Michael137 commented 2 months ago

This fails to demangle when we parse the Sa special substitution in parseType and encounter the template argument IcE while TryParseTemplateArguments == false, as you point out. I suspect this was an untested codepath because with libc++ all types live in an inline namespace (most commonly std::__1), so Clang is never allowed to produce those special substitutions. But with libstdc++ apparently only std::basic_string lives in the __cxx11 namespace, but not std::allocator. So hence we compressed std::allocator but not std::__cxx11::basic_string.

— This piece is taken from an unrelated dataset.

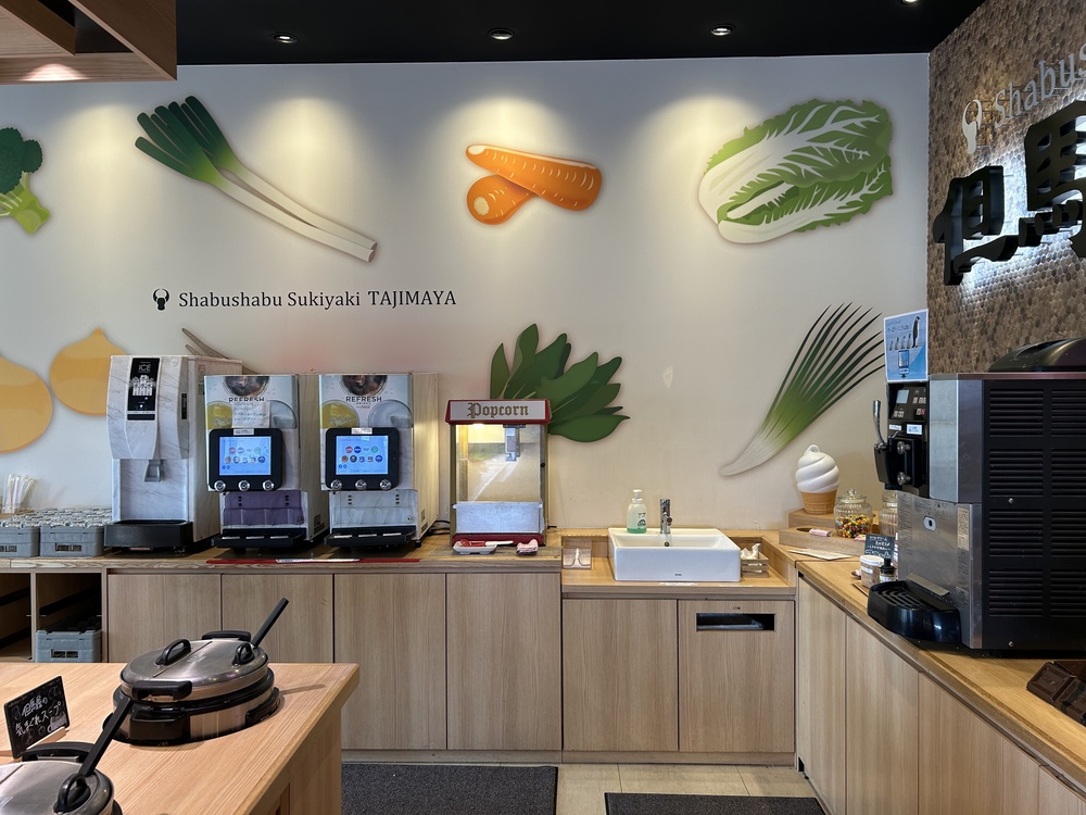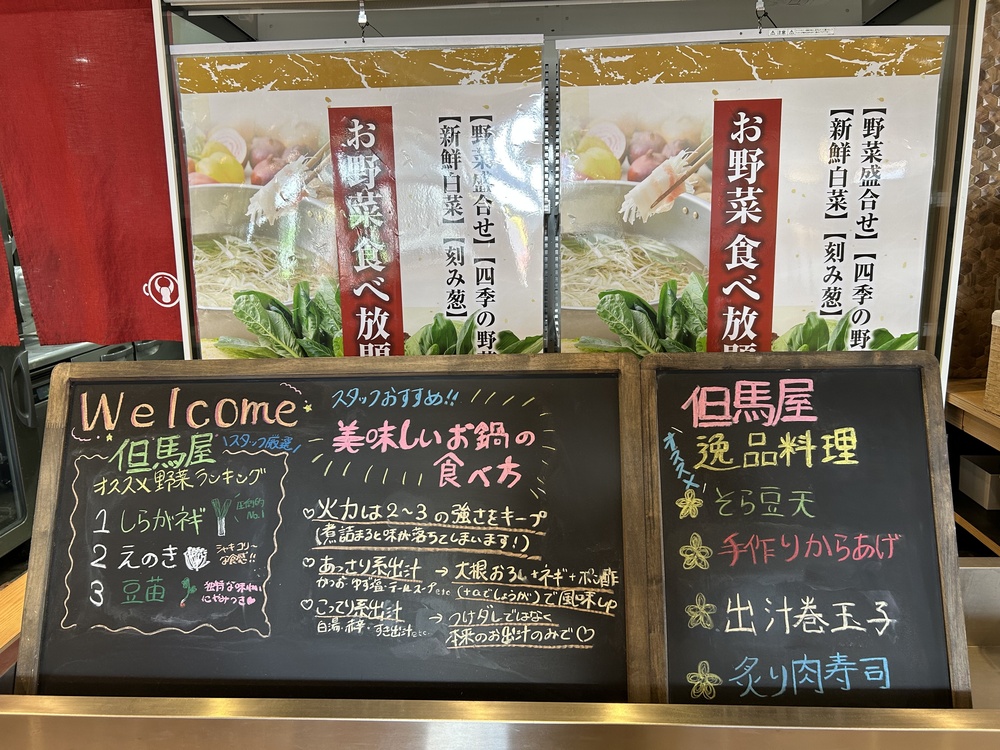しゃぶしゃぶのおいしい食べ方は、バイキングコーナーの目立つ所に大きく書かれています。

See godbolt.

Slightly more self-contained reproducer would be:

namespace std {
template <typename T>
struct allocator {};
}

template<typename T>
struct Bar {};

struct Foo {
    operator Bar<std::allocator<char>>() { return {}; }
};

int main() {
    Foo f;
    (Bar<std::allocator<char>>)f;
    return 0;
}

AFAICT, the reason why TryToParseTemplateArgs exists, is to support cases where we have conversion operators whose result-type contains forward template references. So if you allow parsing template arguments like you propose, I suspect there are cases where we would get confused about which template the forward reference referred to. E.g., (taken from one of the test failures) for _ZN5OuterI4MarpEcvT_I4MerpEEv, we would now demangle to:

Outer<Marp>::operator Marp<Merp>()

instead of:

Outer<Marp>::operator Merp<Merp>()

Nonetheless, this is a bug with the demangler.